- Education: University of Maine, Colorado State University
- Children: 2
- Awards: Monfort Professor Award from Colorado State University, 2002
- Scientific career
- Fields: Atmospheric science
- Workplaces: University of California at Santa Barbara, Colorado State University, Yale University
- Thesis: A study of the transport, sources, and sinks of atmospheric CO₂ using a general circulation model (1994)
- Website: www.atmos.colostate.edu/faculty/denning.php

= Scott Denning =

A. Scott Denning is a climate scientist and professor of atmospheric science at Colorado State University, whose faculty he joined in 1998. He is known for his research into atmosphere-biosphere interactions, the global carbon cycle, and atmospheric carbon dioxide. He firmly supports action to avoid climate change. He has also argued that, if no action is taken on the matter, global warming could make the climate of Colorado resemble that of southern New Mexico, Texas and Mexico.

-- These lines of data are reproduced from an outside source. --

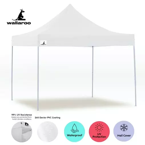 These folding marquees are the ideal solution to protect your next outdoor bbq event or party from that ‘chance of rain’, or as a large, lovely sunshade retreat for guests. Have one on standby for your next home or office event.
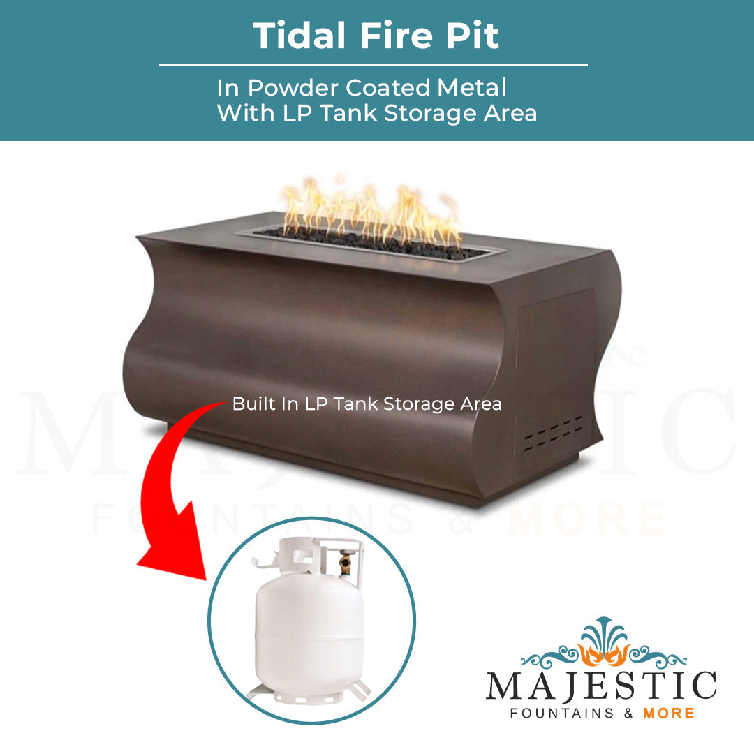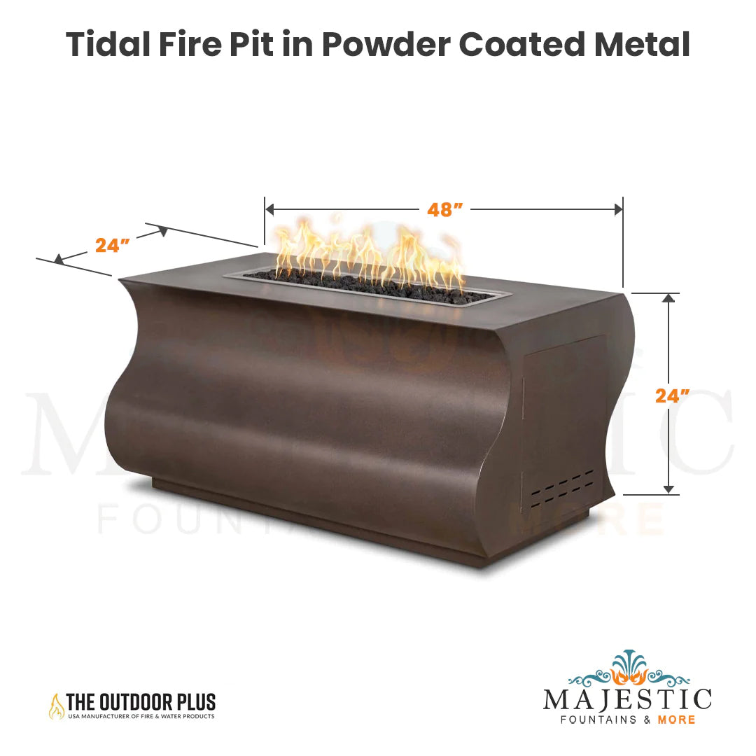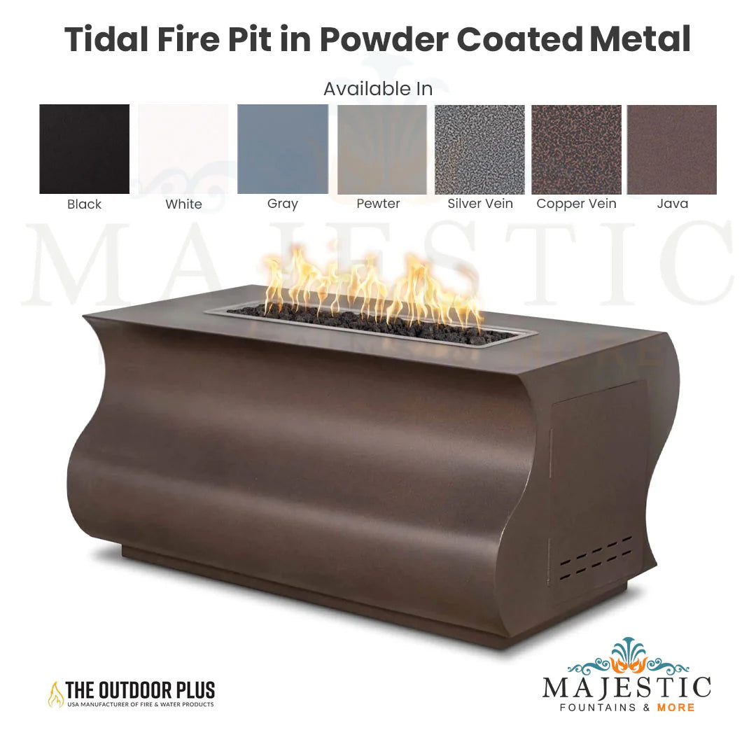 The Outdoor Plus Tidal Fire Pit in Powder Coated Metal is a beautiful fire pit. As the name suggests, its an elegant wave shaped firepit table constructed of high grade metal with powder coat finish available in amazing colors. It is compatible with Natural gas as well as liquid propane.
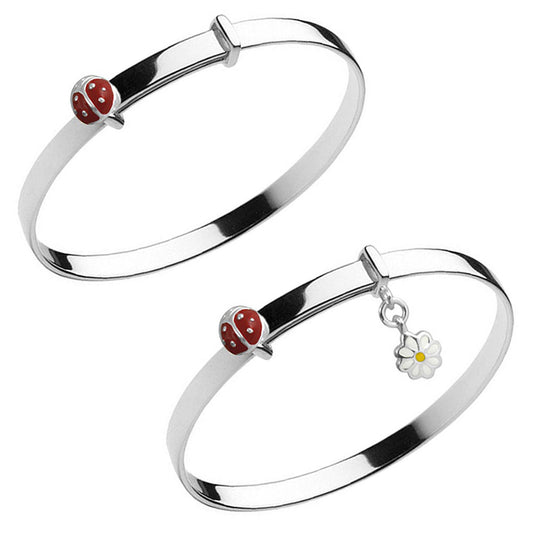 Girl's Silver Ladybug Bangle With or Without Daisy Charm (Up To 5 1/4 inches)
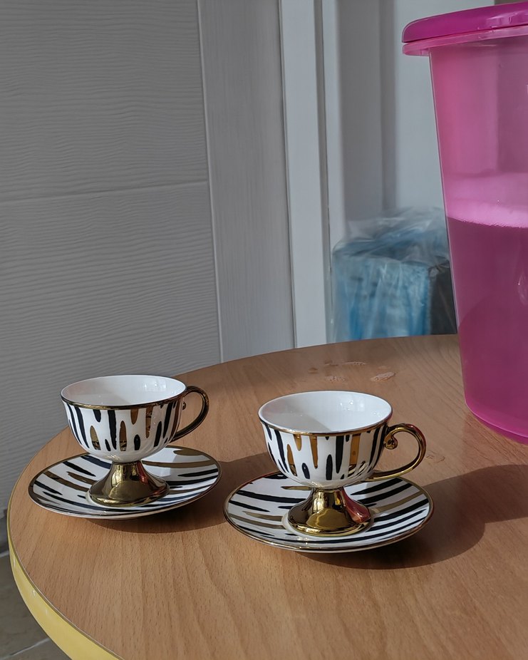 İki adet beyaz porselen fincan, siyah çizgiler ve altın detaylarla süslenmiş, yanında uyumlu tabaklarıyla birlikte sunulur. ☕
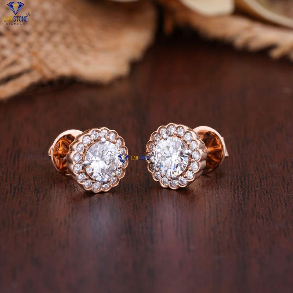 ต่างหูเพชรเม็ดกลมสีโรสโกลด์1.71 TDW สไตล์คลาสสิก EF-VS ได้รับการรับรองจาก COLOUR IGI สีทอง18K & 14K

==Education and scientific career==
Denning received his BA in geology from the University of Maine and his MS and PhD in atmospheric science from Colorado State University in 1993 and 1994, respectively. He then spent two years as an assistant professor in the Donald Bren School of Environmental Science and Management at the University of California at Santa Barbara. He joined the faculty of Colorado State University in 1998, and become the director of education for the Center for Multi-Scale Modeling of Atmospheric Processes in 2006. Denning also worked on the Orbiting Carbon Observatory's scientific team. As of 2026, Denning has works as a visiting professor at the Yale School of the Environment most fall semesters.

==Debates==
Denning has appeared twice at the Heartland Institute's International Conference on Climate Change. In 2011, Denning debated skeptical climatologist Roy Spencer at the 6th International Conference on Climate Change.